As well as thinking about the venue, the menu choices and what to wear, it is important that employers think about setting the right tone for the work Christmas party and this should start well ahead of the actual party date. A Christmas party, or any other work related social gathering for that matter, should be inclusive and so you should invite all employees, including those who are absent or who normally refrain from drinking whether you think they are going to attend or not. Making assumptions and leaving people out could constitute bullying or even discrimination. You should also think about the day on which your party is going to take place. If the day after your party is usually a normal working day then consider closing for the day instead or maybe opening later. That way you can avoid staff attending work whilst not in a fit state or calling in sick at the last minute due to the after effects of the night before. The majority of problems at a work Christmas party occur due to people drinking excess alcohol which means that they lose their judgement and inhibitions completely which can lead to inappropriate behaviour on the night. With that in mind is a free bar really such a good idea? You might want to be a generous employer and a free bar is one way of showing that, but could you use the money to buy everyone a gift or to give them all a small bonus instead? Whilst nobody wants to be Scrooge it is helpful to remind employees that the event is still work related and that levels of professionalism and acceptable behaviour are therefore expected.  

Dealing with problems 

Hopefully your work Christmas party will be a great success, everyone will enjoy themselves and remember the night for all the right reasons. If there is any form of misconduct on the night though then as an employer you should take a considered and consistent approach based on your company policies.
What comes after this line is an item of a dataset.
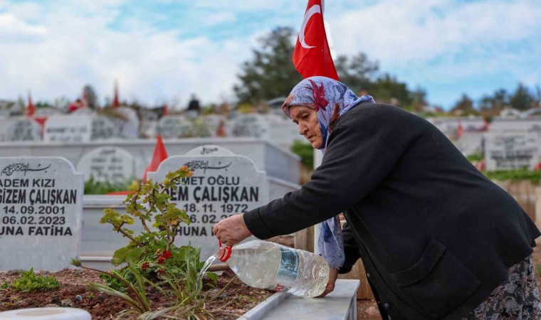 Merkez üssü Kahramanmaraş olan 6 Şubat günü yaşanan depremlerin ardından 2 oğlunu, oğullarının eşlerini ve 7 torunu olmak üzere toplam 11 kuzusunu kaybeden 80 yaşındaki gözü yaşlı anne her hafta mezarlığa gidip mezar taşlarını öpüp okşayarak özlemini dindirmeye çalışıyor.

It may be the issues can be nipped in the bud before they get out of hand. If you notice that someone has had a bit too much to drink, that behaviour is becoming an issue or that the tone and content of conversations is starting to slip then having a quiet word with those involved may be all that is required to get things back on track for a party that everyone is able to enjoy. You might also consider asking an employee to leave early and you can even call them a taxi if needed. In the unfortunate event of misconduct escalating though you should deal with it after the event. It would be impossible to write a list of issues which may happen but the more common ones includes fighting, bullying, damage to property, sexual harassment, discrimination and taking illegal drugs. As you would in any other work situation when everyone is back at work gather statements, consider if suspension is appropriate and carry out a full and thorough process in line with your company’s disciplinary policy.  

Is it really my problem? 

In short, yes, the party is an extension of the workplace and so as an employer you are responsible for dealing with issues and could be liable for the actions of your employees. There have been a number of employment tribunal cases which relate to incidents at and after work Christmas parties which have established interesting case law. In the case of Bhara v Ikea Mr Bhara was outside the work party smoking when he was involved in a physical altercation with a colleague, the employer decided to dismiss Mr Bhara and the decision was upheld at tribunal even though his conduct had previously been good and both parties had engaged in what was described as a “tussle”. The case of Gimson v Display By Design highlighted that events after a work Christmas party has finished could still result in disciplinary action. Mr Gimson was walking home with colleagues when an argument started and he then punched a colleague who was trying to calm things down, causing them serious injury. Mr Gimson was dismissed and the tribunal found that as these colleagues were together as a result of the party that it was sufficiently closely connected to work for disciplinary action to be taken and also that the dismissal was a reasonable response. Livesey v Parker Merchanting Ltd found that the employer was vicariously liable for the actions of its employee who had sexually harassed the claimant both during the work Christmas party and afterwards in a car on the journey home. Again, the tribunal found that this harassment took place in the course of employment despite part of it being after the work event and the employee was successful in her claim. 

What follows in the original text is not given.